St. Xavier's High School, Fort, is a private Catholic primary and secondary school for boys located in Fort, Mumbai, India. The English medium school was founded in 1869 and is run by the Society of Jesus.

== History ==
=== First century ===
The school was built when the Bombay port took on new importance as the "Gateway to India", in the same year as the Suez Canal was built, 1869. At that time it incorporated primary students from the Jesuit St. Mary's on Cavel Street that had been opened in 1860. By 1870 there were eight years of school and a seminary on the premises, with boarding facilities for the St. Mary's boys and seminarians. The 512 students came from diverse religious backgrounds: 337 Catholic, 98 Hindus, 45 Parsis, 20 other Christians, ten Muslims, and two Jews. The top floor became the Jesuit residence, then housing sixteen Jesuits.
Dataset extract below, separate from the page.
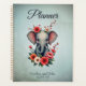 A touch of summer: The baby elephant in a sea of flowers. This enchanting design features a loving illustration of a small baby elephant, painted in delicate shades of grey. Its pink inner ears add a playful and charming touch. Its large, expressive eyes radiate curiosity and friendliness, while its sweet facial expression conveys pure warmth. The elephant sits gently enthroned among a variety of colourful flowers in vibrant shades of red, orange, pink, and white.

Music was taught from 1873 – singing, the harmonium, piano, flute, and violin. A band followed in 1878. Cricket was played at the school since 1874 and football from 1896. German fathers founded and ran the school, but during World War I they were sent to concentration camps; Jesuits from Tarragona Spain and some from Switzerland filled in for them. In 1936, five graduates were in the top twenty among 7,014 successful candidates who passed the Matriculation Examination. In 1940 the East Wing was completed to accommodate the upper standards, including a hall with a capacity for 700. In 1948 a night school was opened with members of the Catholic Young Men's Sodality as staff; it soon had an enrollment of 200 for courses like fitting and mechanics.

=== Memorabilia ===
St. Xavier's occupies the neo-Gothic building it had from its foundation by the Jesuits in 1869. Fragments of its history are visible in the corridors of the primary section in the form of stuffed hunted animals shot by priests during the British Raj. Notable among these is the butterfly and the stuffed tiger on the third floor and bird collection on the first floor. The tiger was donated by the Maharaja of Vanzra, Gujarat, who attended St. Xavier's. The butterfly and bird collection is the work of Brother Navarro, a Spanish Jesuit and a naturalist who was associated with the school. At one corner of the primary quadrangle is a section of a ship's propeller which landed there at the time of the Bombay Harbour Explosion of 1944. St. Xavier's High School is approaching its 150th jubilee.

== Education ==
St. Xavier's follows the SSC board which is the state board of the Government of Maharashtra. It runs classes from standard one to standard ten. The primary (standard one to four) and secondary school occupy different buildings. A class has four sections (A to D) with about fifty students per section.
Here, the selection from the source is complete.